AI Judge
Evaluate models using AI feedback
Adaptive Engine allows you to evaluate models on logged interactions or datasets using AI feedback.
An AI Judge typically refers to using a powerful LLM to evaluate the performance of another LLM. Using LLMs as judges enables cheap and effective model evaluation at scale, with little to no dependency on human automation and labor cost.
Adaptive includes both pre-built AI Judge evaluation recipes for common use cases (such as RAG), and custom evaluation recipes where you can define your own evaluation criteria, without having to deal with the complexities of an evaluation pipeline. It’s up to you to decide what model you want to use as a Judge, which includes connected proprietary models.
Evaluation jobs output an average scalar score, and a textual judgement corresponding to the AI Judge’s reasoning behind that score.
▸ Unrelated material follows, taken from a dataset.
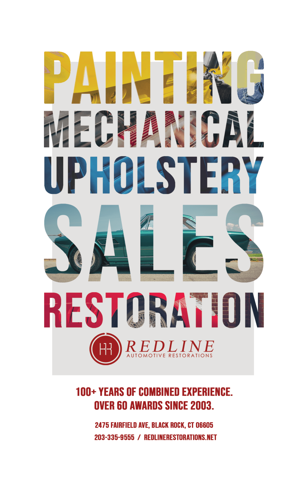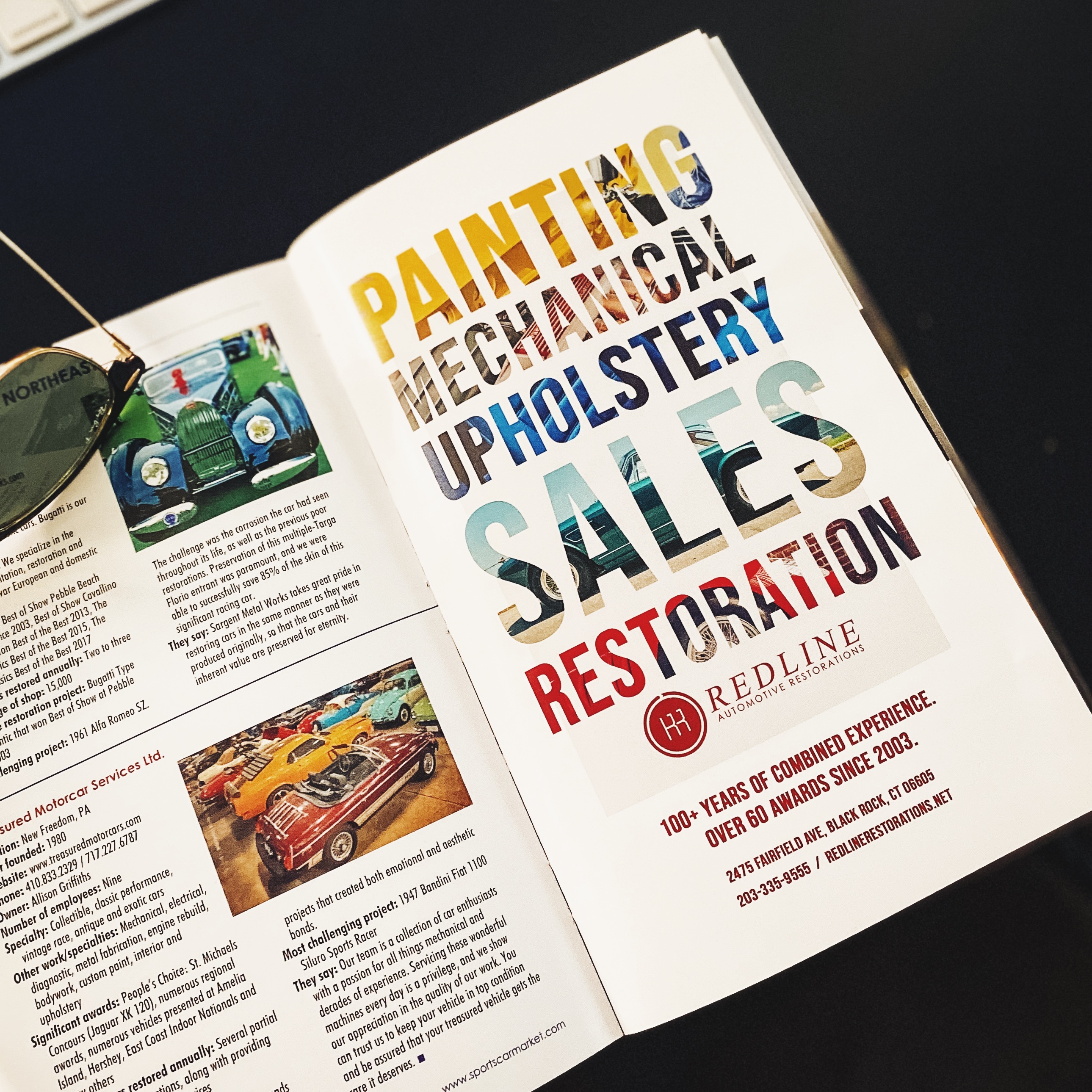 Redline Restorations is a restorations facility with a slew of in house capabilities. To market this to the public, it was known that Redline needed to stand out from the rest of the ads found in Sports Car Market. These ads are typically black background with a few images of cars and a big logo at the top of the page. Instead, I decided to use text as images and write out the most popular restoration phrases searched and use colorful images to fill the shape of the text accordingly.

You can view the evaluation score for each evaluated model in your use case page, and drill down on the judgements for individual completions in the interaction store.
Adaptive Engine currently supports the following recipes:
Pre-built evaluation recipes
Faithfulness
Measures a completion’s adherence to the context or documents provided in the prompt.
This metric is useful for grounded generation scenarios such as Retrieval-Augmented Generation (RAG).
As a first step, the AI Judge breaks down the completion into individual atomic “claims”.
The output score is an average, computed by the ratio of claims that are fully supported by the context / total number of claims made in the completion.
The textual judgement attached to each completion indicates what parts of the completion specifically deviate from the provided context.
The supporting documents must be passed in document
turns in the input messages. You can add all retrieved context in a single turn,
but preferably each retrieved chunk should be added as a separate turn.
Context Relevancy
Measures the overall relevance of the information presented in supporting context/documents with regard to the prompt.
This metric can be used as a proxy for the quality of your RAG pipeline.
This evaluation recipe requires each retrieved chunk to be passed in a separate document
turn in the input messages.
The output score is an average, computed by the ratio of chunks that contain information relevant to answering the user query / total number of input chunks
(which equals the # of document turns in the prompt).
Answer relevancy
Meausures the overall relevance/effectiveness of a completion when it comes to answering the user query. This metric is useful to evaluate the balance of conciseness vs. extra “chattiness” of completions. As a first step, the AI Judge breaks down the completion into individual atomic “claims”. The output score is an average, computed by the ratio of claims that directly answer the user’s query / total number of claims made in the completion.
Custom evaluation recipes
Custom guidelines evaluation
Define your own evaluation guidelines.
Guidelines are sets of individual evaluation criteria expressed in natural language, that aim to verify adherence to a specific behaviour.
Guidelines should be phrased in a similar fashion to: “The completion must … replace desired behaviour”*
(refer to Tips on writing effective evaluation guidelines below for examples).
Completions will be evaluated against each individual guideline,
and judged as compliant (score = 1
) or not compliant (score = 0
) with the guideline.
The output score is the average computed across all scores for individual guidelines.
The textual judgement attached to each completion contains one reasoning trace per guideline, indicating why the completion did or did not adhere to the guideline.
See the SDK Reference for the full specification on evaluation job creation.